If there is a hardwired entry then this hardwired entry belongs to the
controlblock (status, error or whatever), but certainly not to a
dynamically allocatable queue as that would defeat the whole purpose.

That hardwired entry could surely exist in a IDXD type setup where the
message storage is in an defined array on the device.

But with the use case you described where you store the message at some
place in per queue system memory, the MSI index is not relevant at all,
because there is no table. So it's completely meaningless for the device
and just useful for finding the related MSI descriptor again.

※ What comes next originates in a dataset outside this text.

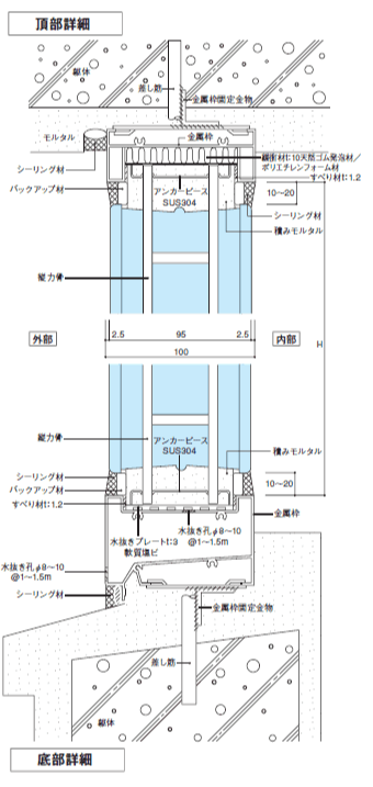 LIXIL次世代ビル用サッシ PRO-SE仕様FIX窓 スクリーン ガラスブロック枠。

If the queue or the controlblock have an internal small array of
messages in their queue or controlblock specific memory, then how would
a per device global index help?

Or has each queue and controlblock and whatever access to a shared large
array where the messages are stored and the indices are handed out to
the queues and controlblocks?

If each of them have their own small array, then queue relative indexing
makes a ton of sense, no?

> For the devices I know about there are two approaches for allocating
> interrupts. 

I'm aware of that.

> When I imagine mlx5 using IMS, I see IMS as a simple extension of the
> existing MSI-X vector pool. Every IMS vector is interchangable and the
> main PCI driver will apply exactly the same allocation algorithm we
> already have today for MSI, just with even more vectors. When VFIO
> wants a vector it may get a MSI or it may get an IMS, I don't want to
> care.
>
> All of this about logical functions just confuses
> responsibilities. The IRQ layer should be worrying about configuring
> IRQs and not dictating how the device will design its IRQ assignment
> policy or subdevice scheme.

The IRQ layer _has_ to worry about it because there is a strict
relationship between device and irqdomain today.

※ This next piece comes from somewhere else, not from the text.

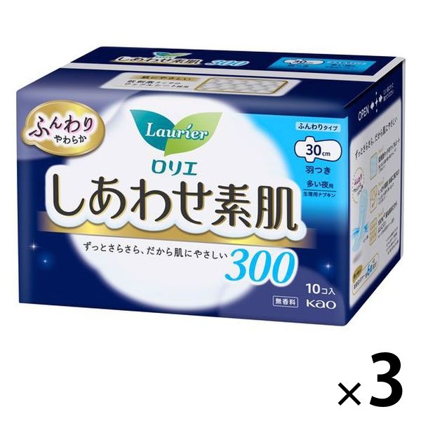 【生理用品】 ロリエエフ しあわせ素肌 多い夜用 羽つき 30cm 10個入×3個 花王
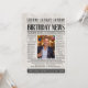 This 50th birthday party invitation is designed like a classic newspaper for a unique and playful look. It includes eye-catching headlines such as “Birthday News” and “Look Who’s Turning Fifty”, plus a photo area that can be replaced with your own image.

Now with a PCIe device having PCI/MSI[X] it's a strict 1:1
relationship. Now add IMS to the picture and we end up with a 1:2
relationship, which does not work today.

That's why my initial reaction was to partition the device into
subdevices which would have solved the problem nicely.

> IMHO this has become hyper focused on the special IDXD VFIO use case -
> step back and think about my timer example above - a simple pci_driver
> that just wants to use IMS for itself. No queues, no VFIO, no
> mess. Just how does it configure and use the interrupt source.

That would mean that the PCI device would not use MSI-X at all, right?
So it could have pci_dev.dev.irqdomain = IMSdomain.

But that sucks too because it's yet another quirk as the PCIe discovery
cannot set that up simply because the device specific IMS domain does
not exist yet.

> Is it helpful feedback?

Yes, definitely. It helps me to understand the bigger picture and to
find a proper representation of these things so that we don't end up
with the usual mess in drivers/* which makes it a fricking nightmare to
change anything at the core code at all.

Thanks,

        tglx